§ SIR ROPER LETHBRIDGEI beg to ask the Under Secretary of State for India whether he is aware that, in 1887, the Reverend Father Millard, a Roman Catholic clergyman, was convicted of abetment of bigamy, and sentenced to imprisonment by the Madras High Court, because he had solemnised the marriage of a Roman Catholic convert woman, who had been deserted by her husband, although the said marriage was in strict accordance with the rules of the Roman Catholic Church in such cases, which have been in force among the Roman Catholic community in India for over 300 years, and in accordance with which numerous such marriages have been solemnised 1285 throughout the country, both before and after the establishment of British rule, and their legality never previously questioned; whether the Secretary of State for India will consider the desirability of directing the Government of India to pass a short Act embodying the original intentions of the Legislature in 1866, by which the legality of all such marriages may be clearly established with retrospective effect, and so that Roman Catholic clergymen in India may no longer run the risk of tine or imprisonment for performing their duty; and whether the Secretary of State for India will cause to be laid upon the Table all Correspondence connected with the above subject?

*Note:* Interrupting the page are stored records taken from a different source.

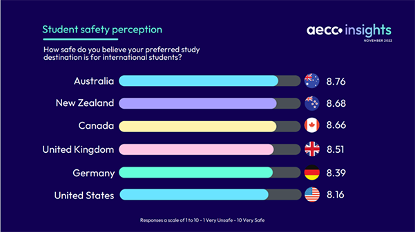 澳大利亚在最安全的留学国家中名列榜首。新西兰、加拿大和英国的得分也很高,总分都超过了 8.5 分。
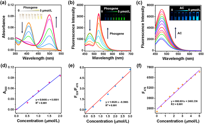 We first investigated the ultraviolet–visible (UV–vis) absorption and fluorescence spectral response of BDP-CHD to phosgene and some other acyl chlorides in chloroform. The sensing behavior of BDP-CHD to phosgene were assessed by using a non-volatile and low-toxicity counterpart, triphosgene, which can in situ generate phosgene in the presence of triethylamine. As shown in Fig. 1a, BDP-CHD displayed a powerful absorption band at 410 nm. After the addition of triphosgene (0–5.0 µmol/L) and triethylamine (TEA), the initial absorption peak (A410) of BDP-CHD gradually decreased. Simultaneously, a new absorption peak (A500) increased, and an obvious chromogenic reaction from colourless to yellow was observed (Fig. 1a). The isosbestic point was at 435 nm, indicating that BDP-CHD formed a single compound with phosgene. In addition, there was a good linear relationship between the absorbance of BDP-CHD and the concentrations of phosgene within the range of 0–2.0 µmol/L (R2 = 0.991) (Fig. 1d). It is noteworthy that the initial absorption band (410 nm) was completely converted to another absorption band (500 nm) after addition of 1.0 equiv. phosgene, implying BDP-CHD has high reactivity and sensitivity for phosgene. Subsequently, we explored the fluorescence sensing properties of BDP-CHD towards phosgene. BDP-CHD exhibited a faint fluorescence band at 476 nm in chloroform (Φf = 0.12), which is due to the PET effect from the DCH to the fluorophore (Fig. 1b). After the addition of triphosgene/TEA to the BDP-CHD solution, a new fluorescence band at 524 nm (Φf = 0.46) emerged. Meanwhile, a clear fluorescence change from weak blue to bright green was observed, which might ascribed to the formation of octahydrobenzimidazolone and BODIPY (Fig. 1b). Furthermore, there was a good linear correlation between the fluorescence intensity of BDP-CHD and the concentrations of phosgene within the range of 0–3.0 µmol/L (R2 = 0.991) (Fig. 1e), and an extremely low detection limit (LOD = 51.4 ppt) was obtained, which is sensitive enough to determine trace phosgene from the leakage of industry or accident CWAs terrorist attacks. These findings suggest that BDP-CHD could be employed as a ratiometric fluorescent and colormetric dual-mode probe for ultra-sensitive monitoring of phosgene.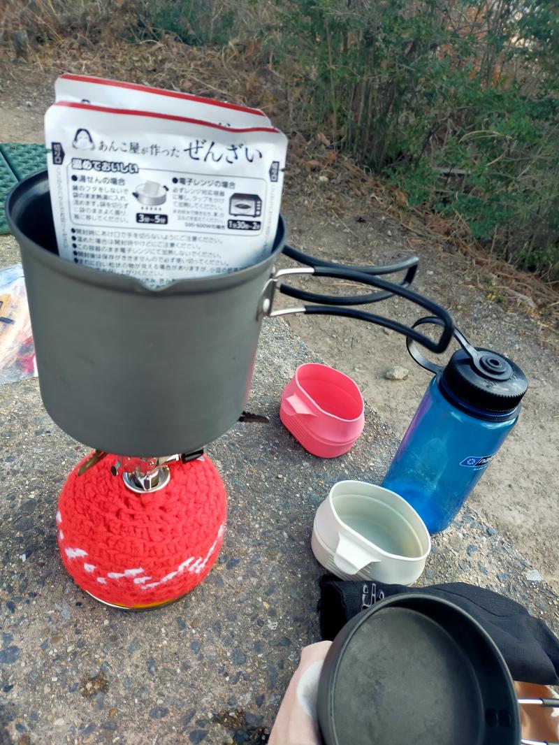 駐車場に車はたくさん止まっていましたが、スタートが遅かったため登山中にすれ違っただけで山頂では出会わず。風が良く通るので、すぐに体が冷えてきます。座布団ひいて、湯せんでぜんざいパウチを温めいただきました。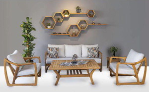 Conforlove Bahçe Balkon Masif Kayın Ahşap Koltuk 1 Adet İkili 2 Adet Tekli Koltuk ve Orta Sehpa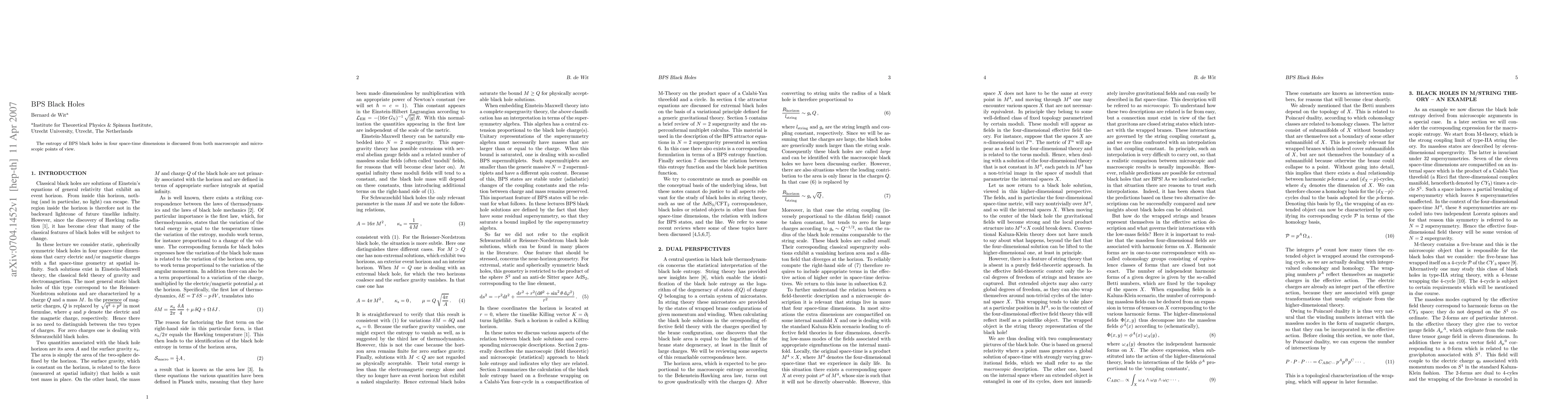 Summary: This paper explores the entropy of BPS black holes in four-dimensional space-time, examining it through both macroscopic thermodynamic approaches and microscopic statistical mechanics perspectives.

MR. CURZONFather Millard was convicted because he solemnised a marriage between a man and a woman the latter of whom by the law of the land was still the wife of another man. No steps were taken, as they might have been, under the Native Converts Marriage Dissolution Act of 1866, to annul the first marriage before performing the second. The Indian Christian Marriage Law has recently on two occasions been very carefully revised by Acts II. of 1881 and II. of 1892, of the Governor General's Council; and it seems unnecessary to take any further action in the matter. The Secretary of State has no Correspondence on the subject. The case is reported at page 218 of the Madras Law Reports, Volume X.
§ SIR ROPER LETHBRIDGEMay I ask the hon. Gentleman is it to be understood that the only reason why this Roman Catholic priest was convicted of the offence of marrying the couple was the fact that necessary precautions had not been taken with regard to the former marriage?
MR. CURZONThe hon. Member must draw what inferences he pleases from the first part of my answer. I merely state the facts.